Print exactly the lines below between the line containing "Future agriculture powered" and the line containing "Volume V contains", counting both of those lines. Leave pictures out.

◆ Supplied material
Content starts

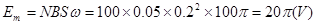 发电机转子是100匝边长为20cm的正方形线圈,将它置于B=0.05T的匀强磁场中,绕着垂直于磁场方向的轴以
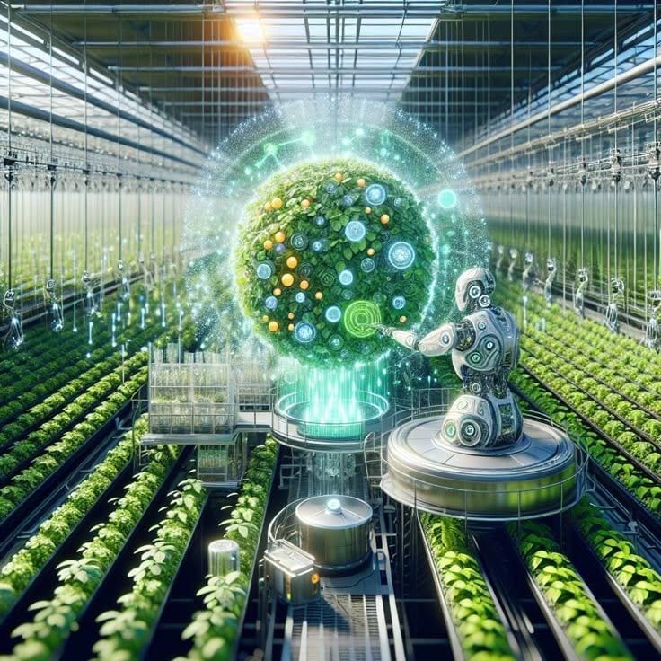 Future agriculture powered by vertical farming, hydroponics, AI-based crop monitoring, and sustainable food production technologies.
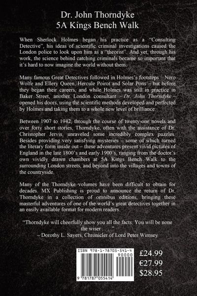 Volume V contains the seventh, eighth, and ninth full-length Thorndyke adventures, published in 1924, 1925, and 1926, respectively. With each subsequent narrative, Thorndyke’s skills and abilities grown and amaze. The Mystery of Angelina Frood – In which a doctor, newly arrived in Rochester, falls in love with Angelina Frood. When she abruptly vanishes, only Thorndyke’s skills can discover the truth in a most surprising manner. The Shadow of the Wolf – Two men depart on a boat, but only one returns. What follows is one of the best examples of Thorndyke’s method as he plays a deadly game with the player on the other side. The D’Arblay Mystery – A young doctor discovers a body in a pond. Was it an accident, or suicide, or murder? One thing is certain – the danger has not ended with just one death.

Content ends
Content starts

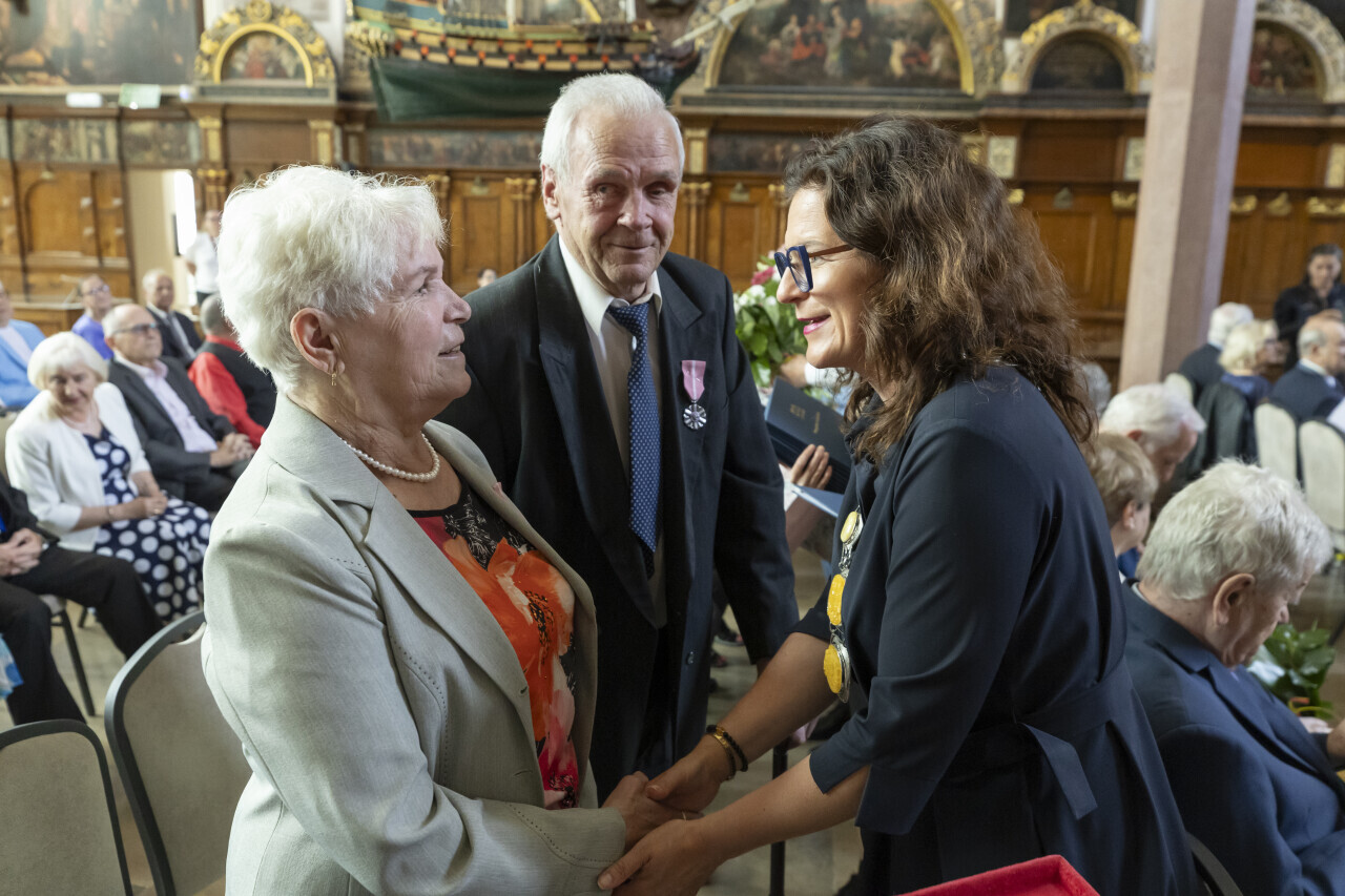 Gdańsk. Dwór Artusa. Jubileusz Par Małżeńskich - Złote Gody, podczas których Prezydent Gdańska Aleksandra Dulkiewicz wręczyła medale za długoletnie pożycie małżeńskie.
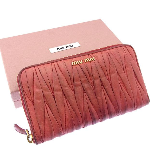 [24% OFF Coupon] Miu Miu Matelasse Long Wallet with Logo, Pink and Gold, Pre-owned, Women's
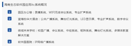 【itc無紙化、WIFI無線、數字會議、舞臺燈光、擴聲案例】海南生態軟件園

Content ends

◆ Result for this exercise
 Future agriculture powered by vertical farming, hydroponics, AI-based crop monitoring, and sustainable food production technologies.
 Volume V contains the seventh, eighth, and ninth full-length Thorndyke adventures, published in 1924, 1925, and 1926, respectively. With each subsequent narrative, Thorndyke’s skills and abilities grown and amaze. The Mystery of Angelina Frood – In which a doctor, newly arrived in Rochester, falls in love with Angelina Frood. When she abruptly vanishes, only Thorndyke’s skills can discover the truth in a most surprising manner. The Shadow of the Wolf – Two men depart on a boat, but only one returns. What follows is one of the best examples of Thorndyke’s method as he plays a deadly game with the player on the other side. The D’Arblay Mystery – A young doctor discovers a body in a pond. Was it an accident, or suicide, or murder? One thing is certain – the danger has not ended with just one death.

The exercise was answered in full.